Provided data
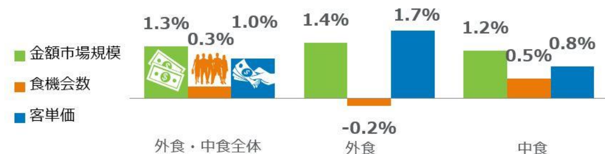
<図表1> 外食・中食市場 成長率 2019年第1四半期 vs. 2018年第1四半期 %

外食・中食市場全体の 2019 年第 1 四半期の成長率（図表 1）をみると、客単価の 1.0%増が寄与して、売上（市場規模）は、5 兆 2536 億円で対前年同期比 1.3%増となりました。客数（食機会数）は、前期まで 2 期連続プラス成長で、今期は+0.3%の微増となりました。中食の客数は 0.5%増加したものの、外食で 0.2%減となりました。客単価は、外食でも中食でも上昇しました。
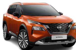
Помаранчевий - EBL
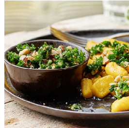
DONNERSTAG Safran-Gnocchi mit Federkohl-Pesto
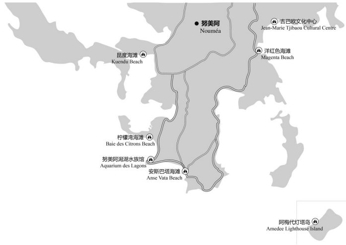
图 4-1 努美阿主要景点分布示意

==

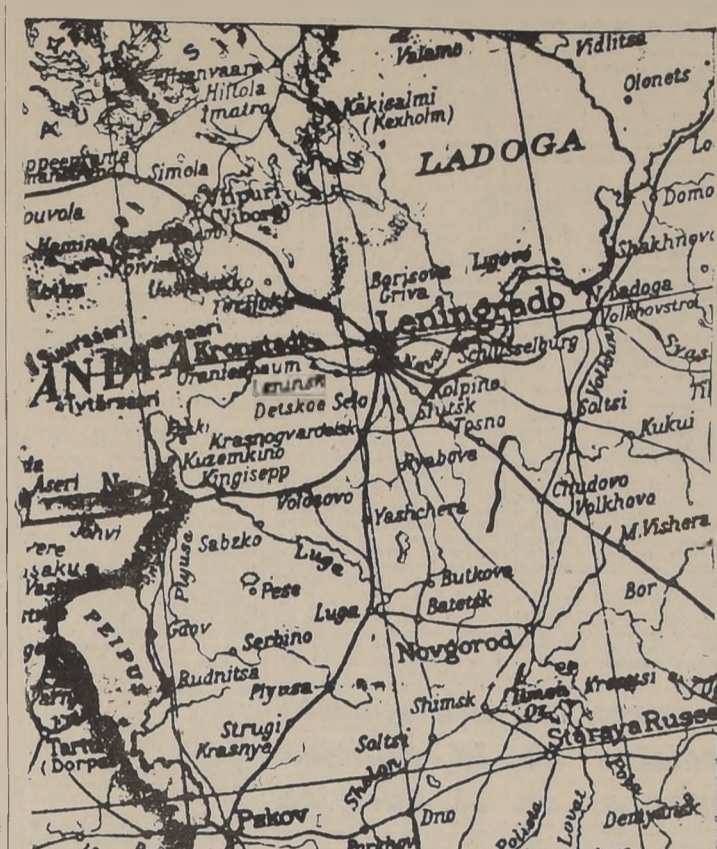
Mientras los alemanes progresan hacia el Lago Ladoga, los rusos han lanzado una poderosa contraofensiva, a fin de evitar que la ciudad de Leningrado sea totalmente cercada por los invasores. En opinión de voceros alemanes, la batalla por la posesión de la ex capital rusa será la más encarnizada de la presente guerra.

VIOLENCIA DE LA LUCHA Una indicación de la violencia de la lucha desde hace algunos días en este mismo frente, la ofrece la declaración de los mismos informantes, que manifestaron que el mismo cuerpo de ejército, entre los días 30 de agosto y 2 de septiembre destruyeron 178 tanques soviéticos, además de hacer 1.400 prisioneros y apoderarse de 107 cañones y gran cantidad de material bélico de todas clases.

==

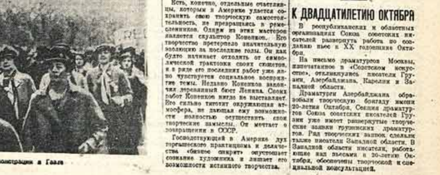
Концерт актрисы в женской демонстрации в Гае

Goal of the exercise
Above are the lines; repeat exactly the ones from the line containing "Mientras los alemanes" down to the line containing "VIOLENCIA DE LA LUCHA Una", both inclusive.

The completed task
Mientras los alemanes progresan hacia el Lago Ladoga, los rusos han lanzado una poderosa contraofensiva, a fin de evitar que la ciudad de Leningrado sea totalmente cercada por los invasores. En opinión de voceros alemanes, la batalla por la posesión de la ex capital rusa será la más encarnizada de la presente guerra.

VIOLENCIA DE LA LUCHA Una indicación de la violencia de la lucha desde hace algunos días en este mismo frente, la ofrece la declaración de los mismos informantes, que manifestaron que el mismo cuerpo de ejército, entre los días 30 de agosto y 2 de septiembre destruyeron 178 tanques soviéticos, además de hacer 1.400 prisioneros y apoderarse de 107 cañones y gran cantidad de material bélico de todas clases.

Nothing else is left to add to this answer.